Tuesday, February 10, 2015

Bridges make awful homes part 3

Walking north once more, abandoning the desolation and depravity that called me south. It was the weekend, I remember that much. I remembered the important things, the things that truly mattered.

On the weekends, I got to see my son, and I was going to keep that meeting. That was my peace, my son, would make it right. The one thing that I could trust was that he would be there, waiting.

This time I paid for my ticket and rode the trolley like a real human being, not a scared rat. Today I had pride, I had confidence, I had gusto. Today all my worries would fade, all my shortcomings would disappear, because I was going to see the one person who would accept me for who I was, no how broken I was.

I arrived early and hid my ruck under my bench, I couldn't risk it being spotted. And I waited.

And waited.

And waited.

My heart raced, was I there on the wrong day? Was I too early? Was I too late? I still had my cell phone at the time and turned it on. I sent a text. I called. I left a voicemail. I text. I cried. A beaten down man left that McDonald's that day. A defeated heap of flesh slothed out of those golden arches.
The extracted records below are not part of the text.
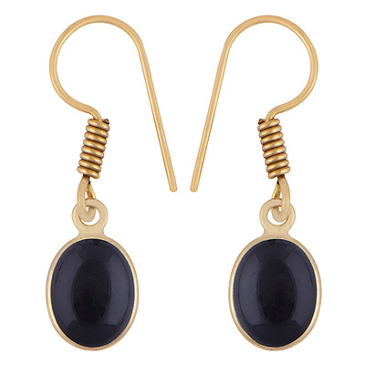 Home | Fashion Earrings | Brass Gemstone Earrings | Alluring Plain Bezel Black Onyx Oval Shape Solid Brass Dangle Earrings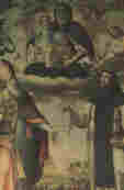 Il dipinto, eseguito con colori a tempera, rappresenta le figure dei Santi Biagio e Leonardo assorti in atteggiamento mistico e contemplativo. La parte superiore è occupata dall'immagine della Vergine con il Bambino, immobile, bloccata in una fissità spirituale e trascendente. Dal basso, dove è appena accennato il mondo con le sue miserie e i suoi peccati, sale attraverso l'imponente figura dei Santi un'implorazione di misericordia e l'atmosfera che si respira è quella di un'attesa serafica di riscatto e di perdono che presto saranno concessi dall'immensa bontà della Vergine. I colori sono intonati su gamme alquanto scure, con un timido accenno di rosso, verde e azzurro. San Leonardo è riconoscibile dalla catena che tiene nella mano sinistra, puro riferimento alla sua missione svolta a favore dei carcerati. L'ambito stilistico di appartenenza è napoletano ed il periodo di realizzazione dell'opera è il XIV sec. Un ultimo accento va al movimento ritmico e simmetrico degli angeli che costituisce una nota bizantina nella memoria storico-artistica dell'autore.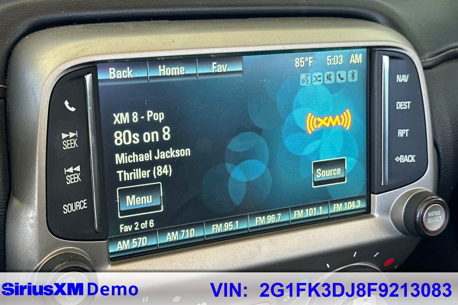2 Front Cup Holders, 20 x 8 Front & 20 x 9 Rear Aluminum Wheels, 20 x 8 Front & 20 x 9 Rear Polished Alum Wheels, 3-Spoke Leather-Wrapped Steering Wheel, 3.27 Axle Ratio, 4-Wheel Antilock 4-Wheel Disc Brakes, 4-Wheel Disc Brakes, 6-Way Power Driver Adjuster w/Power Recline, 6-Way Power Fr Passenger Adjuster w/Power Recline, 8 Speakers, ABS brakes, Air Conditioning, Alloy wheels, AM/FM radio: SiriusXM, AM/FM Stereo w/Navigation, Analog Instrumentation, Auto-dimming door mirrors, Auto-dimming Rear-View mirror, Auxiliary Multi-Function Gauges, Boston Acoustics Premium 8-Speaker Audio System, Brake assist, Bumpers: body-color, Carpeted Front Floor Mats, Color Display Driver Information Center, Compass, Convertible roof lining, Delay-off headlights, Driver door bin, Driver vanity mirror, Dual front impact airbags, Dual front side impact airbags, Electric Rear-Window Defogger, Electronic Cruise Control, Electronic Stability Control, Emergency communication system: OnStar Directions & Connections, Exterior Parking Camera Rear, Four wheel independent suspension, Front anti-roll bar, Front Bucket Seats, Front Center Armrest, Front fog lights, Front Leather Seating Surfaces, Front License Plate Bracket, Front reading lights, Front Sport Bucket Seats, Fully automatic headlights, Garage door transmitter, Glass rear window, Head-Up Display, Heads-Up Display, Heated door mirrors, Heated Driver & Front Passenger Seats, Heated front seats, High-Intensity Discharge Headlamps, Illuminated entry, LATCH System, Leather Shift Knob, Leather-Wrapped Shift Knob, Low tire pressure warning, Maintenance-Free Battery, Manual Rake & Telescopic Steering Column, Occupant sensing airbag, OnStar 6 Months Directions & Connections Plan, Outside temperature display, Panic alarm, Passenger door bin, Passenger vanity mirror, Power convertible roof, Power door mirrors, Power driver seat, Power passenger seat, Power Programmable Door Locks, Power steering, Power windows, Preferred Equipment Group 2SS, Premium audio system: Chevrolet MyLink, Radio data system, Radio: AM/FM Stereo w/Color Touch, Rear anti-roll bar, Rear Parking Sensors, Rear window defroster, Remote Keyless Entry, Remote keyless entry, Remote Vehicle Starter System, RS Package, Security system, Separate Daytime Running Lamps, SiriusXM Satellite Radio, Speed control, Speed-sensing steering, Spoiler, StabiliTrak, Stainless-Steel Dual-Outlet Exhaust, Steering Wheel Mounted Audio Controls, Steering wheel mounted audio controls, Tachometer, Telescoping steering wheel, Tilt steering wheel, Tonneau Cover, Traction control, Trip computer, Ultrasonic Rear Park Assist, Universal Home Remote, USB Port Audio System Feature, Variably intermittent wipers, Voltmeter.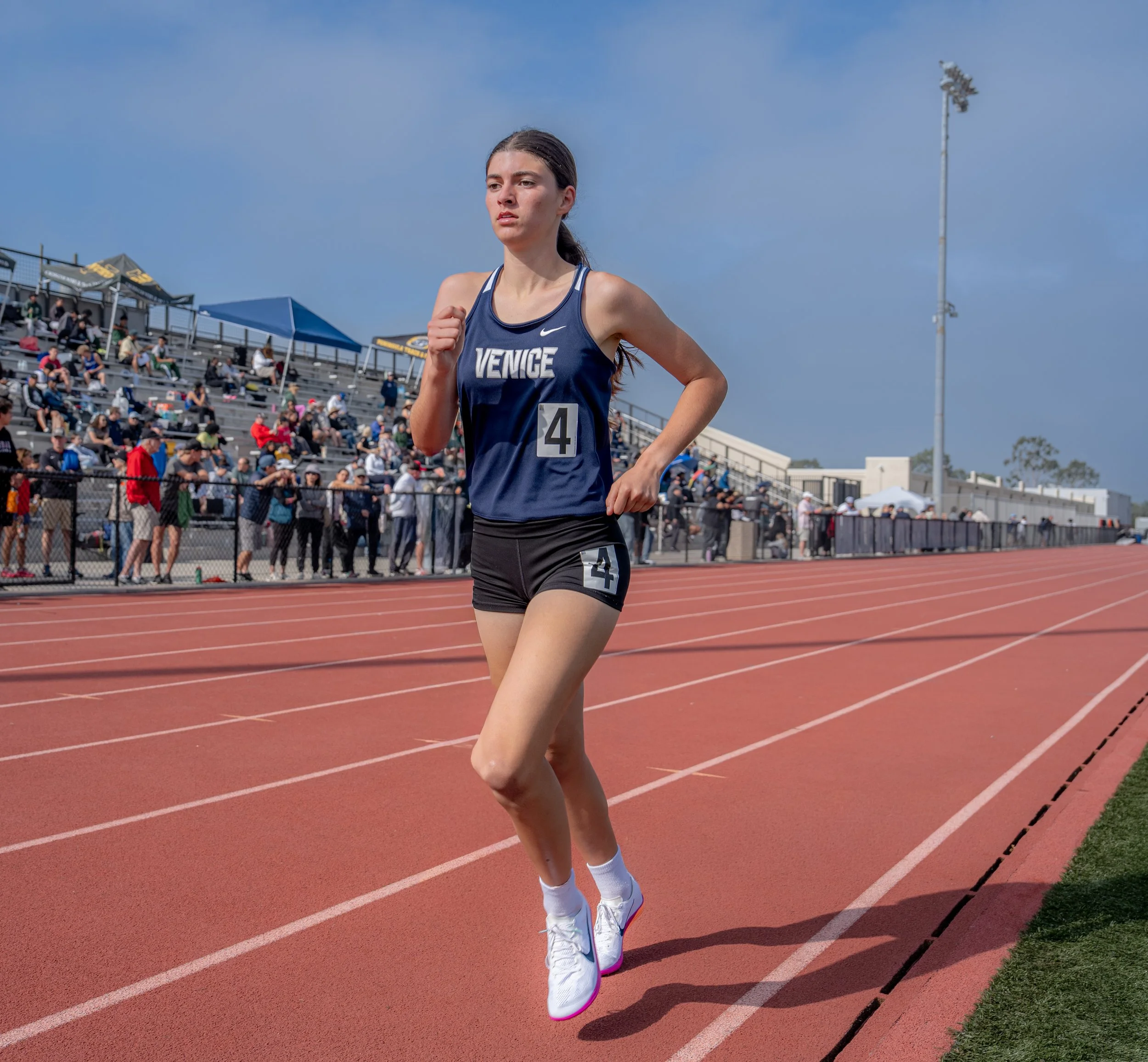 Venice senior NOGA AMIT cruises to a PB in the varsity 1600m at Beach Cities.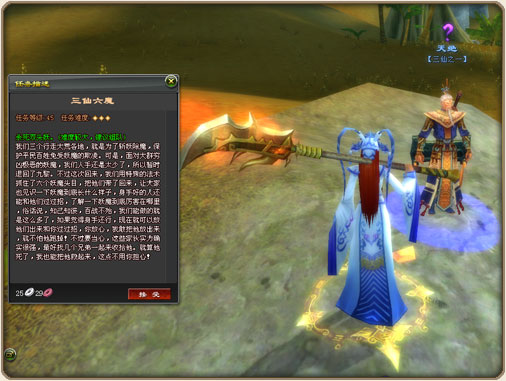这一系统的特色任务以难度较低,流程便利,奖励丰富著称,一直都是天下玩家每周必做的任务之一。30级以上的玩家可以在九黎石林地区或者九黎孔雀坪地区完成三仙六魔任务。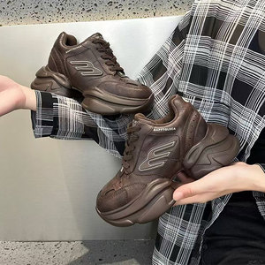 明星老爹鞋女2025秋冬新款真皮厚底轻便百搭增高显瘦小白鞋运动鞋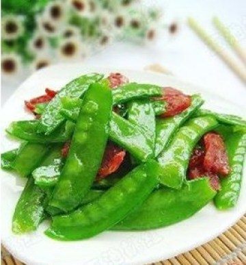 第一种:家常菜菜谱香肠烧荷兰豆做法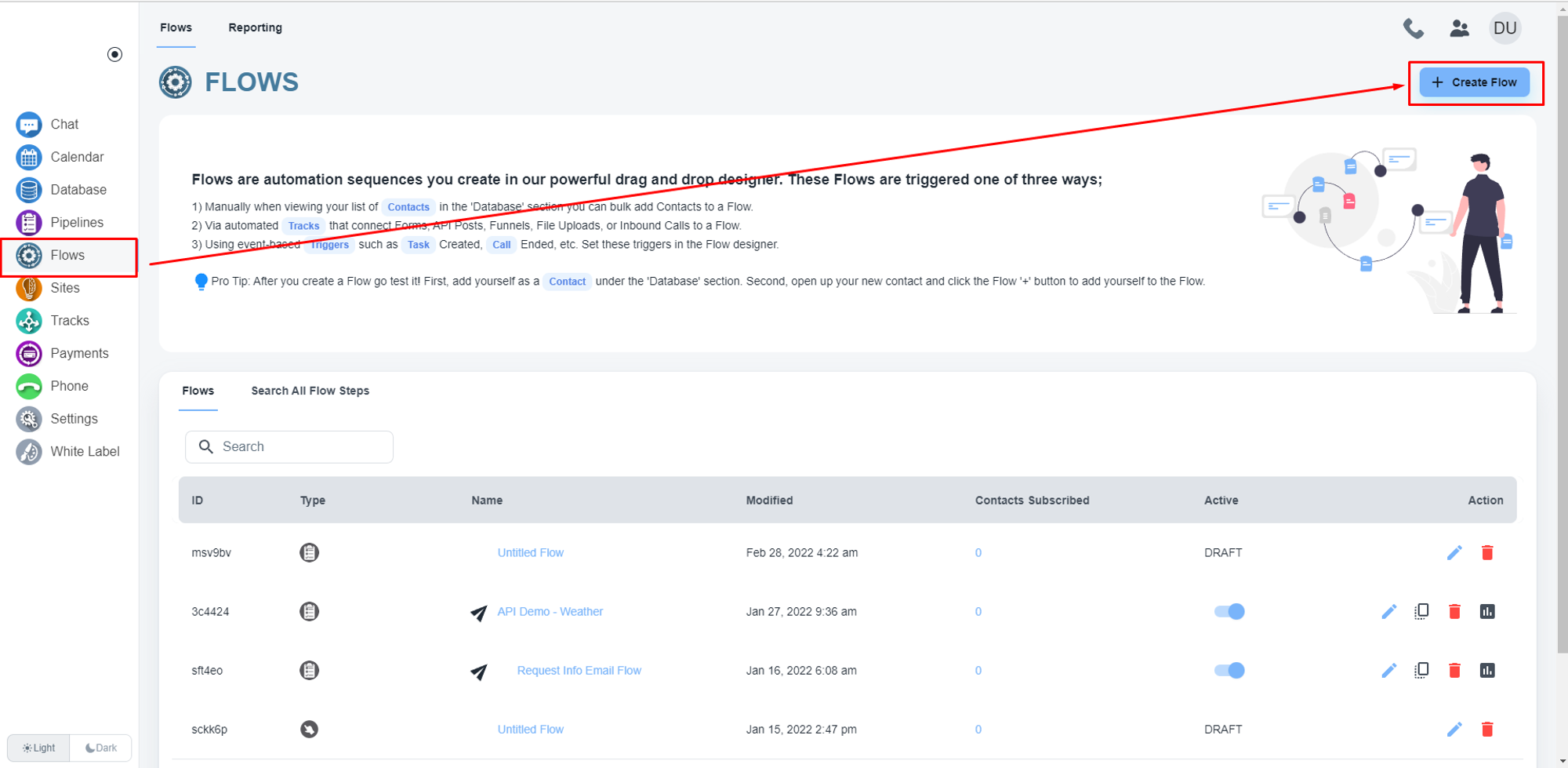 Navigate to the flow builder by clicking the “Flows” on the left side menu. Then when you have the flow page open, you will see a link to “Flows” on the top of your page, please click that. Click on the ‘Create Flow’ button.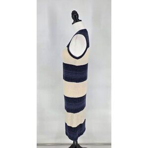 Ralph Lauren Cotton Linen Navy Striped Bodycon Sweater Dress Womens Sz Small

Through the tears the world began to spin again, rage boiled, frustration rose and fell with my breathe like the waves off the coast in a tsunami. Ragged, and short, and quick. Panic rose, tears and sweat ran freely, salt filled my mouth. The bitter taste of defeat was all consuming.

I walked.

I don't remember much after that, my world was once again confirming to me that it could not be trusted. It had built me up, let me feel like a real human again. And then instead of dashing my hopes upon the rocks of tragedy like all good stories do, it tore my foundation out from under me and hung my broken soul by my heart strings.

A shell of a man walked through the city of his birth unnoticed and unaware. If bystanders did notice it was to laugh and point. If that man noticed it was not apparent he had checked out.

I walked, and I walked. I walked until the pain in my feet stopped me, and I stopped only because I was physically unable to take another step. I found myself standing at a trolley station in a high-class mall. I remembered my friend would be eating pizza at the restaurant I was standing in front of, that every night. I checked FB, yep she had just checked-in.

"YAY Sammy's woodfire pizza with..." I stopped reading, I was not welcomed. Why would I be? I wasn't welcomed anywhere. Before the tears sprung forth again I gritted my teeth and moved on, I didn't get more than ten feet at a time before I would have to stop and rest. The trolley ran every 15 mins. It had gone by so many times I was seeing the same people coming and going. I felt blisters pop and crunch. I felt the way the skin slid around rubbing the raw painful skin below it. I felt the blister juices leaking and gave up. I sat down and decided that that was where I would stay til the pain left.

A daze took over my senses, I remember being kicked, spit on, I even had fries and shake thrown at me. I sat there disconnected from a world. Not my world, my world was not like this. This place was all wrong. I sat there as the world passed me by, only stopping long enough to spat on me as if it were my fault I was there. Was it my fault? Had I been to blame this entire time? It had to be my fault.

Shame overgrew the pain I was in, and I stood. My legs were covered in dirt and bruises. My feet screamed as the dried fluid, and blood tore at my skin as my socks ripped free from the dried blisters. I held on to a small wall as I limped farther down the path I had found myself on. The wall ended, I continued, bushes were all that supported me. I fell behind them and crawled to the green power box that was hidden in the bushes. There was a shirt, I remember it being an Alice Cooper shirt, tied off at the sleeves and the bottom. Stuffed full of grocery bags.

A pillow.

After everything I had been through, there was a pillow waiting for me at the end of the day. I slept, for a bit, and I remember think, that this wasn't such a bad place to be. I mean it did hand out pillows every so often. Even if it was under a bridge, behind a power box, and stuffed full of noisy plastic bags. This world had given me a place to lay my head, for the night. And I slept under that bridge, thirty feet from my High School friend. Miles from family. And light years from sanity.








To this day, I am still partial to my pillows.